【奥越】錦繍の平家岳 日ノ谷源流に遊ぶ
Posted: 2025年11月11日(火) 22:55
【日 付】2025年11月8日(土)
【山 域】奥越 平家岳周辺
【天 候】晴れ
【メンバー】sato、山日和
【コース】面谷登山口7:35---8:40巡視路尾根---9:50白山展望地10:15---10:45日ノ谷源流---12:00平家岳13:30---
15:20-尾根分岐---16:00登山口
平家岳に初めて登ったのは30数年前のことである。まだ越美国境稜線に特別な思い入れもなく、山頂から見
える多くの山々もほとんど未踏の頃だ。山と渓谷社から出ていたフルカラーのガイド本でその存在を知り興味
を持ったのだった。
他に登山者もいない登山道を歩いて行くと、前方から重装備のパーティーが現れて驚いたことを覚えている。

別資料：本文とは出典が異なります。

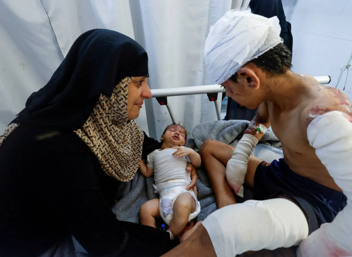 وجلست امرأة إلى جانب سريره في المستشفى وهي تحتضن شقيقه الرضيع. أما والده أحمد قمر وشقيق آخر فيرقدان في سريرين بالمستشفى بعد الغارة الجوية التي هشّمت النوافذ وملأت غرفة المعيشة بالغبار.
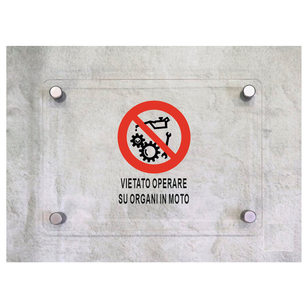 Global Targa Cartello in plexiglass - VIETATO OPERARE SU ORGANI IN MOTO MOD2 VERTICALE - Con Distanziali in acciaio inox, Stampa UV
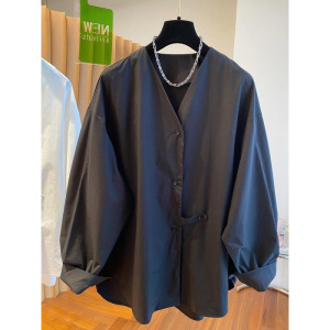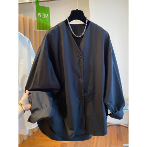 慵懒风V领衬衫女2025新款宽松欧货洋气大版中长款遮屁股胖MM上衣
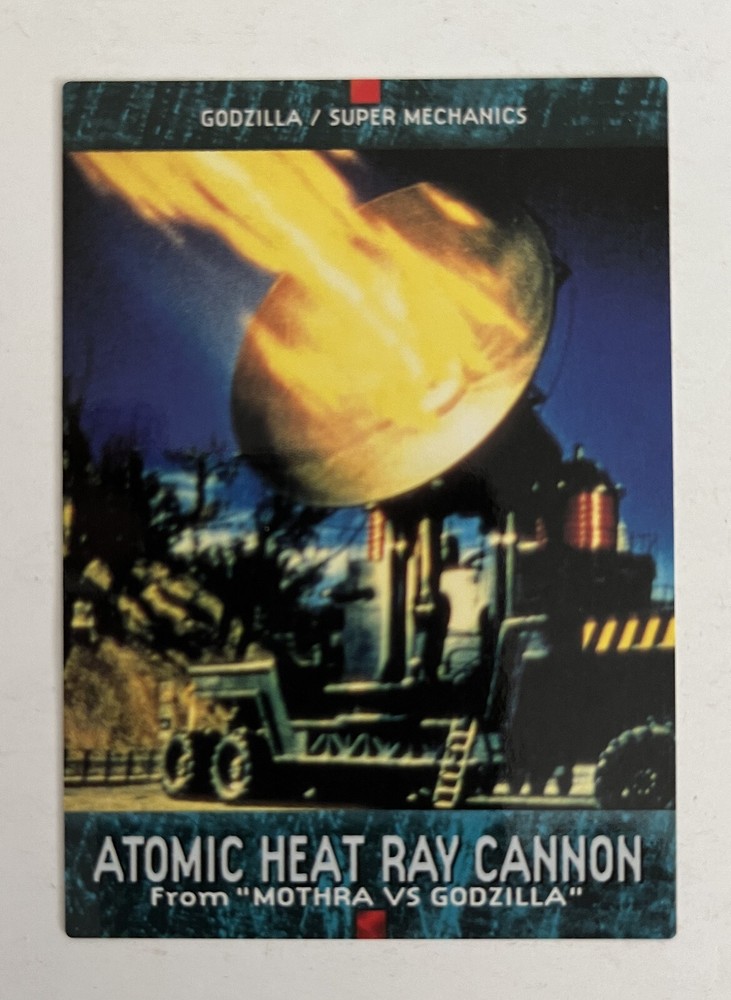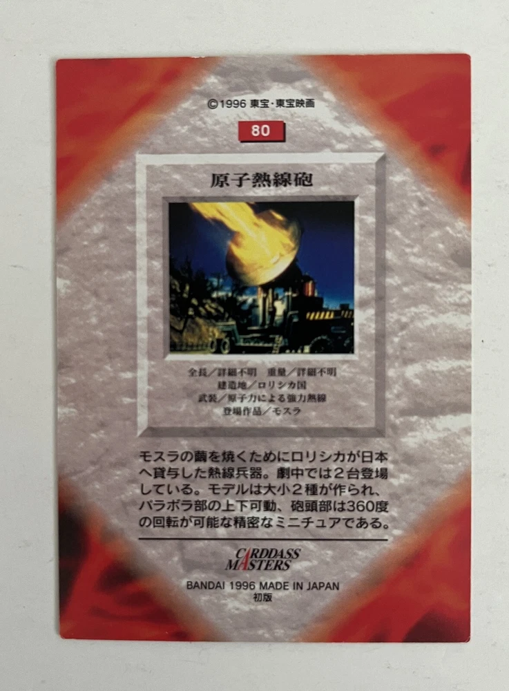 Carddass Masters Godzilla, Japanese non-sport trading card set (Bandai, 1996). Card #80, Atomic Heat Ray Cannon (from the movie Mothra vs Godzilla). Ex+/NM. Rare card set from Japan. From a smoke-free home. I combine shipping for multiple purchases. Please add the items you wish to purchase to your cart, and request a combined shipping total. Please do not pay before receiving a new invoice. Your shipping cost will be based on the destination and weight of the package.

岐阜県側からテント泊で縦走しているパーティーだったようだが、その頃はこの山に岐阜県側から登れること
も知らなかったのだ。
その後、今日と同じ面谷鉱山跡から1回、北側の日ノ谷を遡行して1回、東面の荷暮川西ノ谷を遡行して1回と、
都合4回平家岳を訪れている。
1441mという標高は、石徹白の山を除く越美国境稜線の山々の中で、能郷白山、磯倉、美濃平家に次ぐ高さ
を誇る。実際には稜線から少し福井県側に入っており、厳密に言えば完全に福井県の山である。
国道158号から箱ヶ瀬橋を渡って九頭竜湖南岸の県道に入り、最初の面谷橋を渡るところから林道を進むと
面谷鉱山跡に出る。最盛期は3000人以上もの人が働いていたという鉱山跡は荒涼とした風景が広がり、あまり
の殺伐とした景観にノスタルジーを感じる余裕もない。
林道終点の手前から歩き出す。今朝は気温が下がって肌寒いが、日が当たり出せば暖かくなるだろう。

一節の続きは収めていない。